● **AIM OF THE TASK**:
Your copy should contain exactly the lines from the start of the material through the line containing "Pichet en barbotine", and no pictures.

#### AVAILABLE DATA

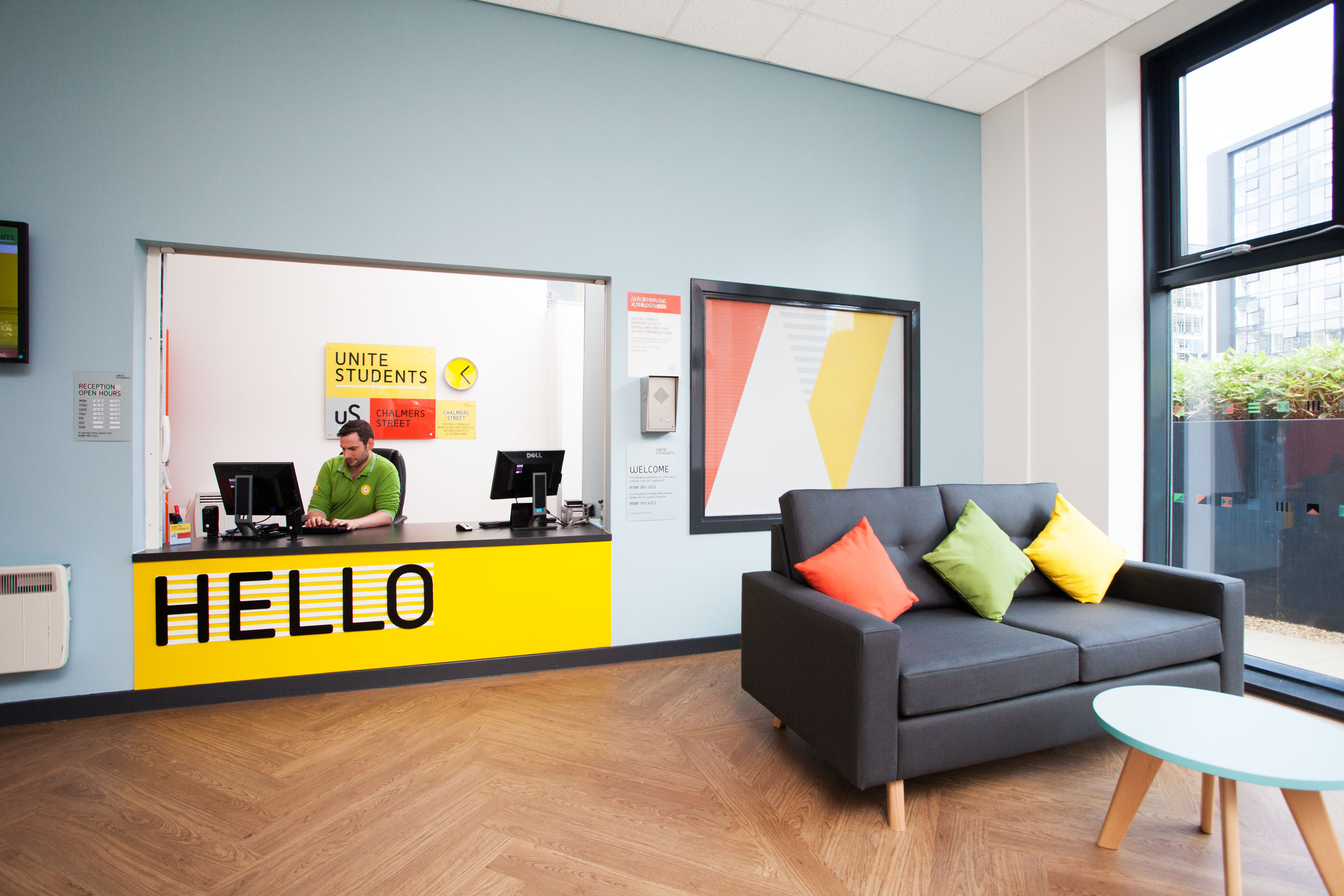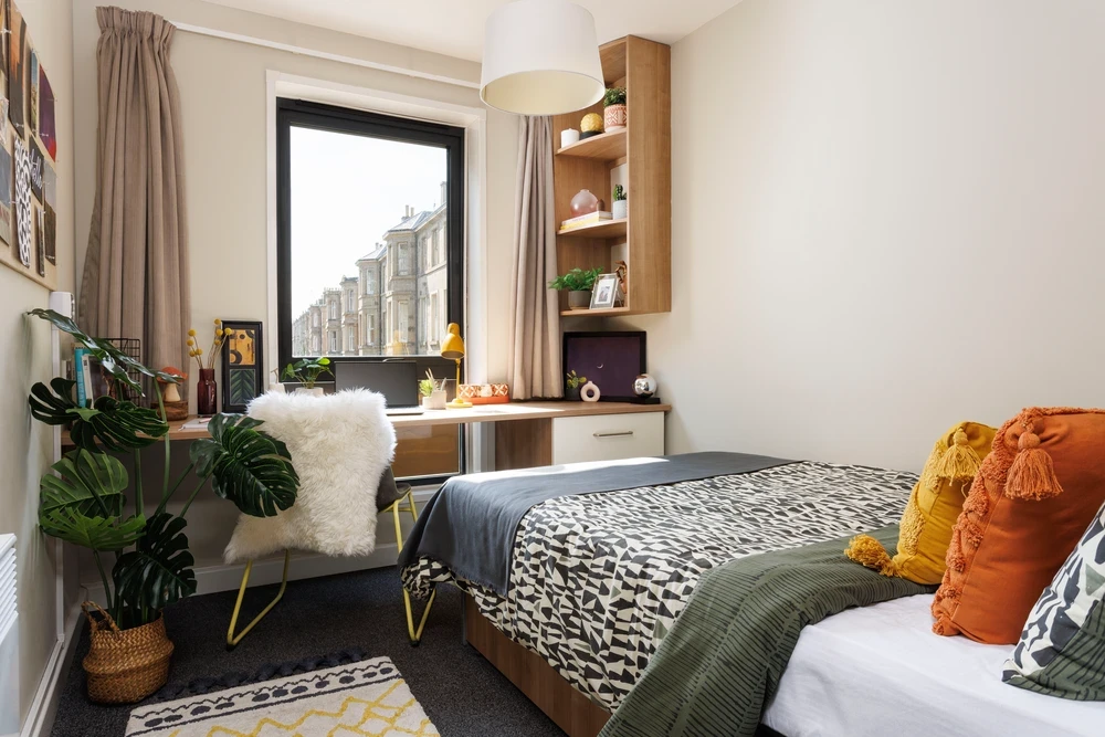 Chalmers Street Unite Students is a specially designed accommodation for students and has 251 beds, including shared ensuites and private studios. The flats are fully furnished and equipped with desks, chairs, bedside tables, bookcases, wardrobes, bulletin boards, etc. There is also storage under the beds, so the rooms have plenty of space. The kitchen has a refrigerator, oven, microwave, Hoover, and more.
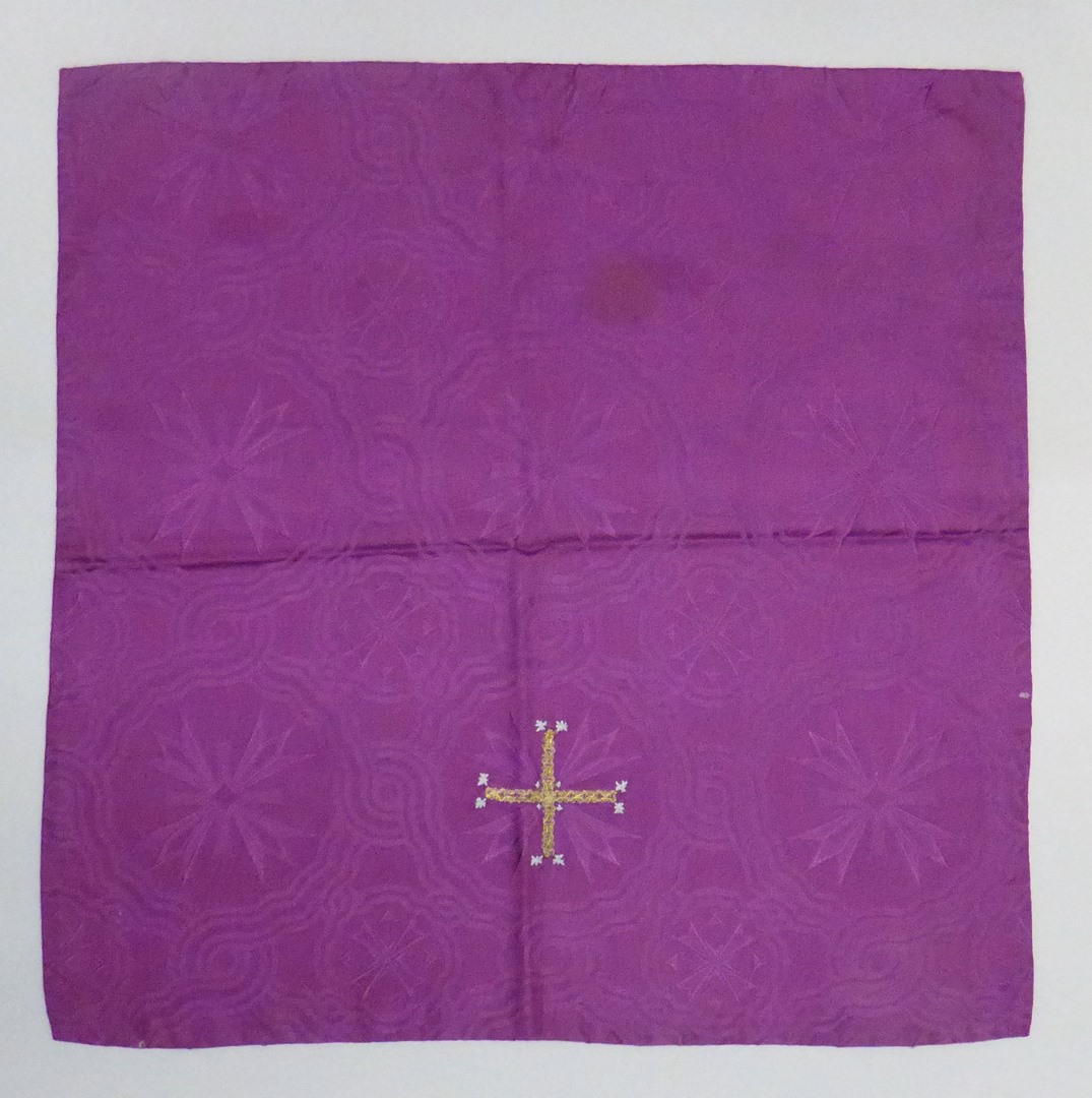 Paars kelkvelum met ster- en kruismotieven en met goudgalon en grijze zijde geborduurde kruisjes
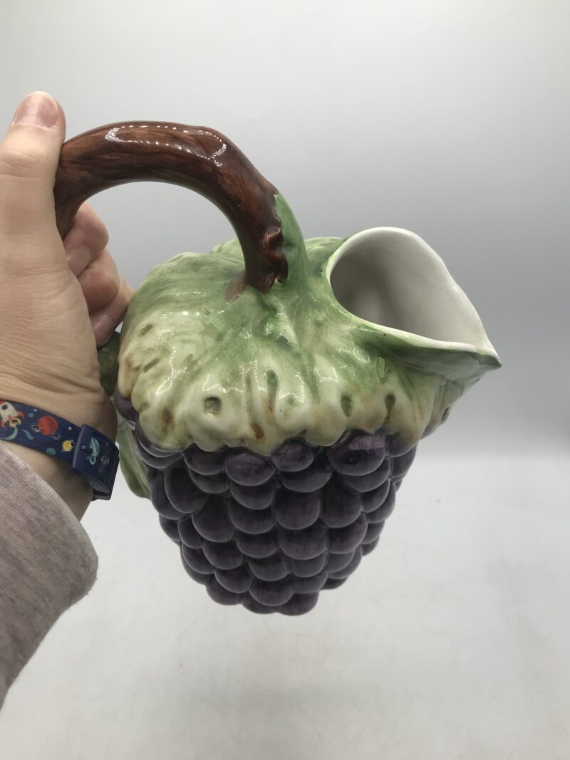 Pichet en barbotine grappe de raisin. Amoureux de la barbotine voici un très charmant pichet. Il est en bon état général pas de casse à signaler (cf photos). Il est fait main et vient du Portugal. Une belle pièce de vaisselle qui donnera le ton à votre service. Il a un diamètre de 13 cm avec une hauteur sans anse de 18 cm et de 24 cm avec anse. Idéal pour servir vos rafraichissements, vos invités vont vous le jalouser. Un style de vaisselle affirmé pour un effet assuré. Sortez des sentiers battus et créer votre propre service de vaisselle. Chineurs de barbotine il vous attend, une belle idée cadeau.
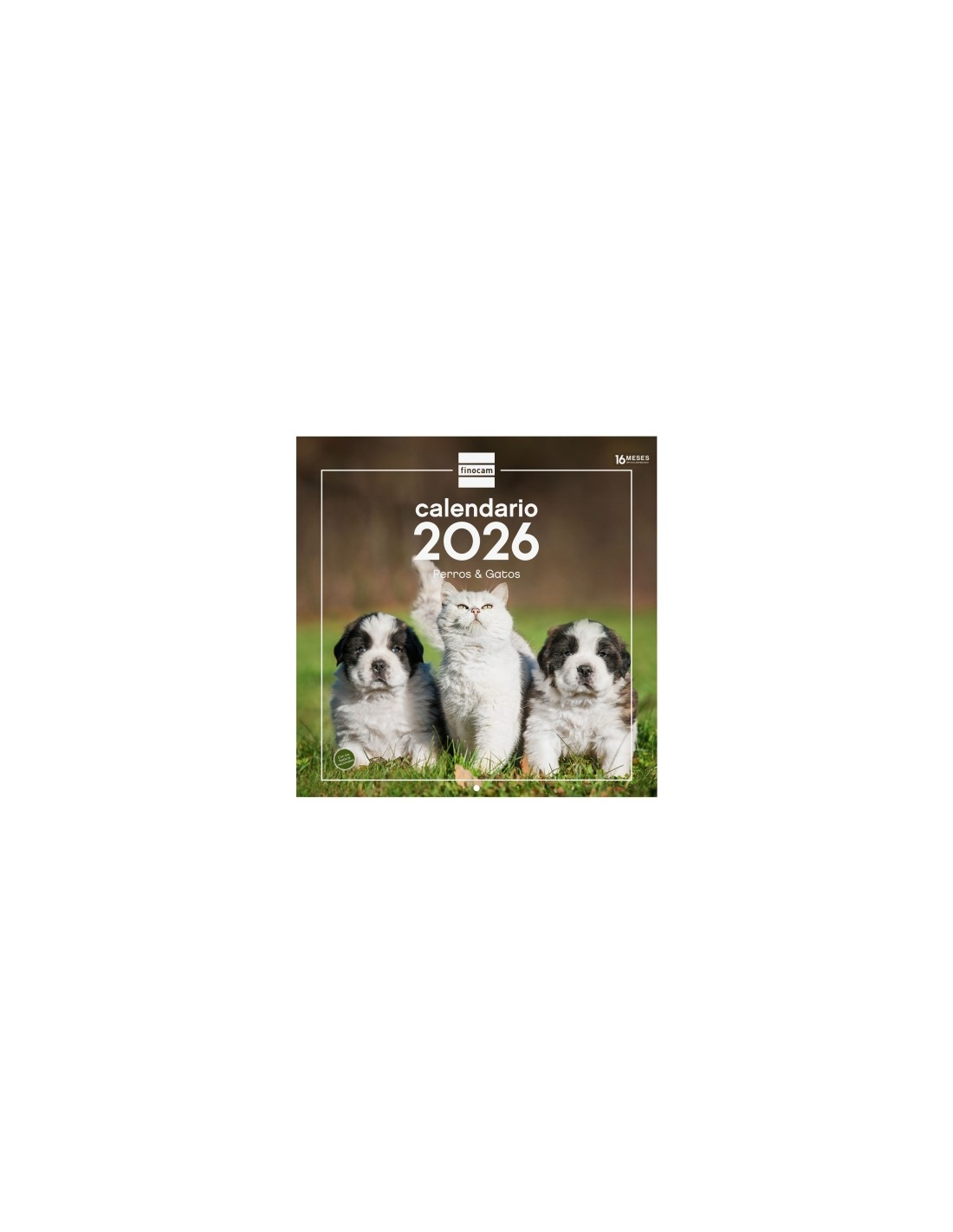 Finocam Calendario de Pared - Anual 2026 - Imagenes Variadas - 300x300mm - Espacio para Escribir - Tematica de Perros y Gatos

########

● **EXPECTED OUTPUT**:
 Chalmers Street Unite Students is a specially designed accommodation for students and has 251 beds, including shared ensuites and private studios. The flats are fully furnished and equipped with desks, chairs, bedside tables, bookcases, wardrobes, bulletin boards, etc. There is also storage under the beds, so the rooms have plenty of space. The kitchen has a refrigerator, oven, microwave, Hoover, and more.
 Paars kelkvelum met ster- en kruismotieven en met goudgalon en grijze zijde geborduurde kruisjes
 Pichet en barbotine grappe de raisin. Amoureux de la barbotine voici un très charmant pichet. Il est en bon état général pas de casse à signaler (cf photos). Il est fait main et vient du Portugal. Une belle pièce de vaisselle qui donnera le ton à votre service. Il a un diamètre de 13 cm avec une hauteur sans anse de 18 cm et de 24 cm avec anse. Idéal pour servir vos rafraichissements, vos invités vont vous le jalouser. Un style de vaisselle affirmé pour un effet assuré. Sortez des sentiers battus et créer votre propre service de vaisselle. Chineurs de barbotine il vous attend, une belle idée cadeau.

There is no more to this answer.